Managing machine learning experiments with Kubeflow tensorBoard
This guide explains how to use the TensorBoard component in the KakaoCloud Kubeflow environment to manage and visualize log data generated during machine learning experiments.
- Estimated time: 10 minutes
- Recommended OS: MacOS, Ubuntu
- Region: kr-central-2
- Prerequisites
- Reference document
Before starting
TensorBoard is an essential tool for intuitively monitoring and analyzing the training process of machine learning models. By using TensorBoard in the Kubeflow environment, you can monitor the progress of machine learning experiments in real time and compare various experimental results. Additionally, you will learn how to understand key metrics for optimizing model performance and manage experiments with TensorBoard.
About this scenario
This tutorial provides a step-by-step introduction to installing TensorBoard and visualizing and analyzing actual training data logs in the KakaoCloud Kubeflow environment.
Key topics covered in this scenario include:
- Creating and configuring TensorBoard instances in Kubeflow
- Learning how to monitor and visualize log data for training models in real time
- Analyzing model training processes using TensorBoard
Supported tools
Tool | Version | Description |
---|---|---|
TensorBoard | 2.1.0 | A visualization tool for machine learning experiments that tracks metrics, visualizes them, and tracks histograms of weights and tensors. |
For more information on TensorBoard, refer to the official TensorBoard documentation.
Prework
This section covers the environment setup and necessary resources to use TensorBoard.
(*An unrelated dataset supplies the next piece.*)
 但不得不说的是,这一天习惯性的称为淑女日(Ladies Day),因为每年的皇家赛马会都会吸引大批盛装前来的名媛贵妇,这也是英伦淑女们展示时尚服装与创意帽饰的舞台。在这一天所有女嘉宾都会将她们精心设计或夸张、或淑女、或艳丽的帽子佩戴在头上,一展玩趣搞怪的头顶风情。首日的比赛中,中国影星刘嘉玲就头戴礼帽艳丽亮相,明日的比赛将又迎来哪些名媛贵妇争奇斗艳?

1. Prepare Kubeflow environment
Before using TensorBoard in Kubeflow, ensure that the node pool meets the necessary specifications. If the environment needs to be set up, refer to the Setting up Jupyter Notebook using Kubeflow guide to configure an appropriate Kubeflow environment.
Minimum requirements
- Node pool minimum specs: At least 4 vCPUs and 8 GB memory
- Sufficient File Storage size: 10 GiB or more
2. Create volume for storing logs
Create a Persistent Volume (PV) for TensorBoard to store training logs.
-
Access the Kubeflow dashboard and navigate to the Volume tab.
-
Click the [New Volume] button at the top to create a new volume.
-
In the New Volume screen, enter the necessary information and click [Create] to create the volume.
Step-by-step process
The following steps will guide you through managing and visualizing machine learning experiment logs using TensorBoard.
Step 1. Create TensorBoard instance
-
Select the Tensorboards tab and click the [New TensorBoard] button.
-
In the New TensorBoard screen, enter the necessary information and click [Create] to create a TensorBoard instance.
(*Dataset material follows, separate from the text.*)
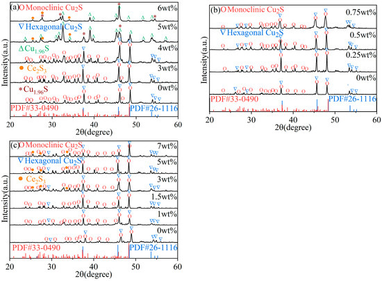 The diffraction peaks of Cu2S are shifted with the increase of Ce2S3 addition at 600 °C (as shown in Figure 2c). Similar to 400 °C and 500 °C, the characteristic peak of pure Cu2S sintered at 600 °C corresponds to hexagonal and monoclinic structures. Unlike 400 °C, when the addition of Ce2S3 was 3 wt%, 5 wt%, and 7 wt%, the characteristic peaks of Ce2S3 were observed, but Cu1.96S and Cu1.8S were not formed, which is related to high-temperature sulfur loss. Compared to pure Cu2S, the diffraction peaks of Ce2S3-Cu2S are shifted to the left, which may be related to the lattice distortion caused by Ce2S3 addition. The similar hexagonal structure of Zn-doped Cu2S was confirmed by the CBD method [27]. An increase in Ti dopant concentration caused an increase in the crystallite size of Ti-doped CuS, which is different from Ce2S3-doped Cu2S [28]. Mn and Se co-doping is similar to Ce2S3-doped Cu2S, but there is a doping concentration limit of 0.05 [9].

Field Value Storage Type PVC PVC Name Name of the volume created in Step 2 Mount Path Path where TensorBoard will display logs from the selected volume -
Click the [CONNECT] button to access the created TensorBoard instance.
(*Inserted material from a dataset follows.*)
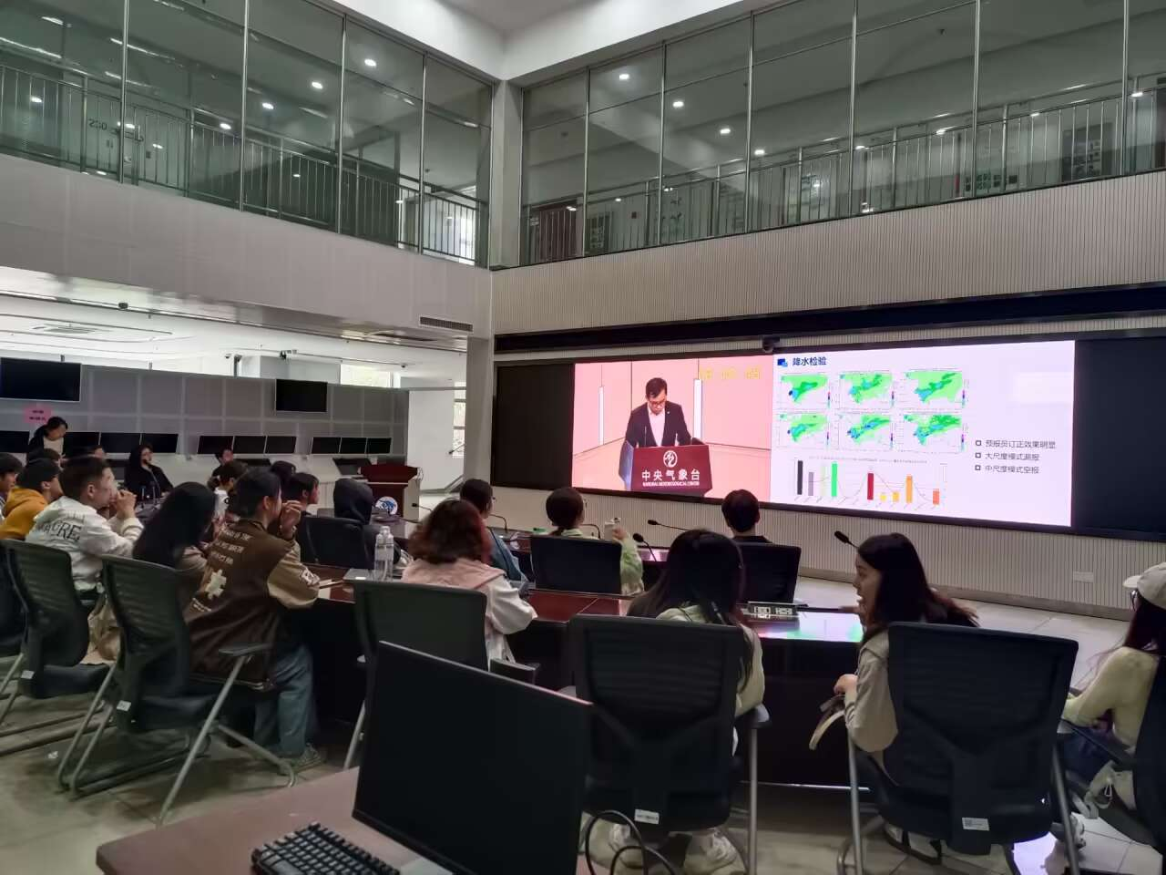 为帮助2021级学生提高气象业务认识,巩固专业知识,将自身专业与日常生产生活相联系,深化培养同学们的家国情怀、气象情怀,助力学院新学期的学风建设工作,10月中下旬,大气院组织2021级本科生以班级为单位前往学校气象台会商大厅进行天气会商观摩活动。

Step 2. Create notebook instance for practice
In this step, you'll learn how to create a notebook instance for practice in Kubeflow.
-
In the Kubeflow dashboard, select the Notebooks tab.
-
Click the [New Notebook] button at the top to create a notebook instance.
-
In the New notebook setup screen, enter the following details:
- Docker Image: Select
kc-kubeflow/jupyter-pyspark-pytorch:v1.8.0.py38.1a
. - Workspace Volume: To remove the default volume, click the trash icon. Then, select the [Attach existing volume] option and choose the
tensorboard volume
created in Step 2.
- Docker Image: Select
-
Once the setup is complete, click the [LAUNCH] button to create the instance.
Step 3. Train model and visualize the results with TensorBoard
This step explains how to train a model and visualize the training results using TensorBoard.
-
Download the example project from the link below and upload it to the notebook instance you created:
- Example download: Using TensorBoard.ipynb
-
In the notebook, change the
TENSORBOARD_URL
variable to the address of the TensorBoard created in Step 2. -
Run the notebook code to train the model, and monitor the changing training process through TensorBoard using an IFrame.